Under these constraints, it would be possible to implement variables trivially using a simple hash table. This tutorial will, however, illustrate a slightly more complex implementation that is able to accommodate more advanced languages as well. In particular, the implementation here will utilize the name lookup mechanisms in Storm, so that it is possible to look up variables and functions using an uniform interface. The structure also allows implementing things like blocks that introduce separate namespaces for example. All in all, the structure is a simplified version of the structure used in Basic Storm.
As in the previous parts of the tutorial, we start by updating our test file. To test parameters and
variables, let's add a new test to the demo.demo file, so that it looks like below:
f() = (10 + 4) / 2 f(a, b) = a + b + 1
If we run the program now, it will actually still work. This is due to the lazy compilation in
Storm. The file will parse successfully since we added a production that matches variables. This
means that the code parses correctly, even if we have not yet implemented support for variables.

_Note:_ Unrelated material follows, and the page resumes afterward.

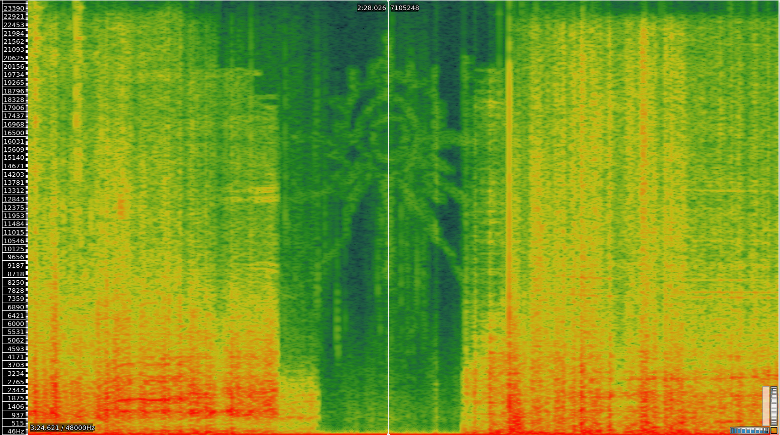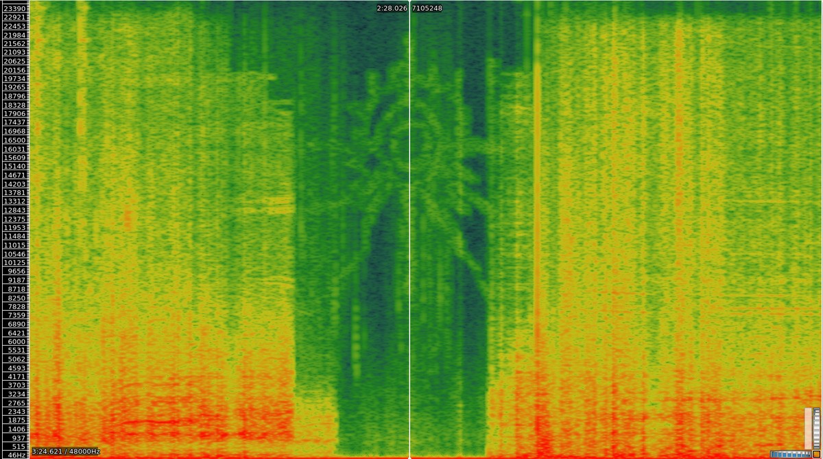 They attached their own screenshot of the spectrogram from the Divinity trailer audio, showing that during a brief moment of silence, a Hellstone pattern was visible. Comparing it to Vincke's image revealed that the director had shared a fragment immediately following this easter egg.

Since we never call f that accepts two parameters, we will never try to compile it, and we thus
never discover the error. As mentioned here, we can
force Storm to compile all of our code eagerly to see the error. This does, however, mean that we
have to implement function calls as well before being able to test our implementation of variables.
The easiest way to test our implementation is to modify the main function in the test.bs file to
call the new function:
void main() { Int result = f(1, 2); print("Result: ${result}"); }
If we run the program at this stage, we get an error as we would expect:
@/home/storm/language/demo/syntax.bnf(962-981): Syntax error: No return value specified for a production that does not return 'void'.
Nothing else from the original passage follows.